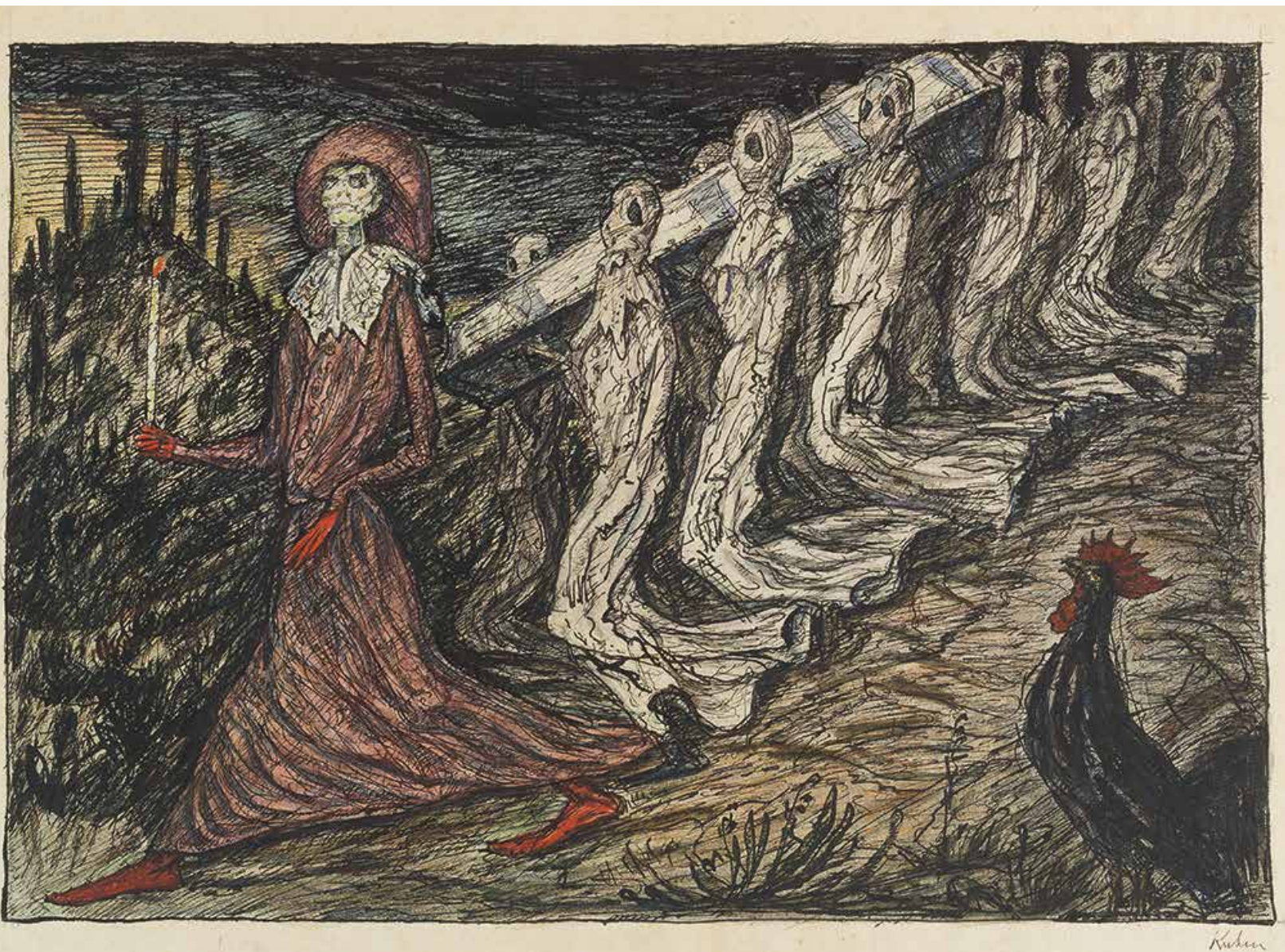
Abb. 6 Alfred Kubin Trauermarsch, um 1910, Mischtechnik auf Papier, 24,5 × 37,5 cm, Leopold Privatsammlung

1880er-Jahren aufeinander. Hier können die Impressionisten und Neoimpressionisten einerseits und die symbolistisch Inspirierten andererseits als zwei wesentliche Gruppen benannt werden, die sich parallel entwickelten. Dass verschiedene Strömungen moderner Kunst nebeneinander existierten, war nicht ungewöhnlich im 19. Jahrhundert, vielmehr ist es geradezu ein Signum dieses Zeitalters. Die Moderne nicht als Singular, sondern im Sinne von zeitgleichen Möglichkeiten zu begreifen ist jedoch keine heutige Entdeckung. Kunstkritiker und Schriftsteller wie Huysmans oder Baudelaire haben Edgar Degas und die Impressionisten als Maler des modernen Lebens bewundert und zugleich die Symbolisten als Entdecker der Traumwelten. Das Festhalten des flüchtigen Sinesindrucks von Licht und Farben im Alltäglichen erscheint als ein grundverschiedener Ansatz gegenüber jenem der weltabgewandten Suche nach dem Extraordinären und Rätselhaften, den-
-------------------------
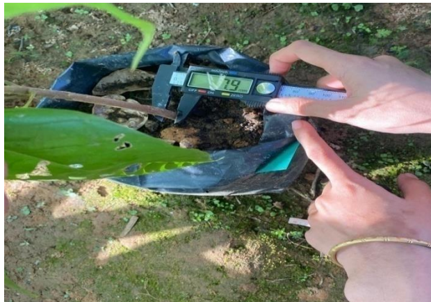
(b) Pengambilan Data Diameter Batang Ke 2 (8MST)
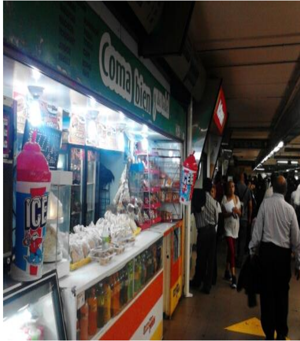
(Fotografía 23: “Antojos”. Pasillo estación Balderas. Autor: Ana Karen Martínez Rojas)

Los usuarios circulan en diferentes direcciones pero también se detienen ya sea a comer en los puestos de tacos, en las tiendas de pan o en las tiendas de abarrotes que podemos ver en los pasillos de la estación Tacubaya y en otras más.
-------------------------
Your answer should consist only of the lines above between the line holding "Abb. 6 Alfred" and the line holding "1880er-Jahren aufeinander. Hier", inclusive, each transcribed exactly.

Abb. 6 Alfred Kubin Trauermarsch, um 1910, Mischtechnik auf Papier, 24,5 × 37,5 cm, Leopold Privatsammlung

1880er-Jahren aufeinander. Hier können die Impressionisten und Neoimpressionisten einerseits und die symbolistisch Inspirierten andererseits als zwei wesentliche Gruppen benannt werden, die sich parallel entwickelten. Dass verschiedene Strömungen moderner Kunst nebeneinander existierten, war nicht ungewöhnlich im 19. Jahrhundert, vielmehr ist es geradezu ein Signum dieses Zeitalters. Die Moderne nicht als Singular, sondern im Sinne von zeitgleichen Möglichkeiten zu begreifen ist jedoch keine heutige Entdeckung. Kunstkritiker und Schriftsteller wie Huysmans oder Baudelaire haben Edgar Degas und die Impressionisten als Maler des modernen Lebens bewundert und zugleich die Symbolisten als Entdecker der Traumwelten. Das Festhalten des flüchtigen Sinesindrucks von Licht und Farben im Alltäglichen erscheint als ein grundverschiedener Ansatz gegenüber jenem der weltabgewandten Suche nach dem Extraordinären und Rätselhaften, den-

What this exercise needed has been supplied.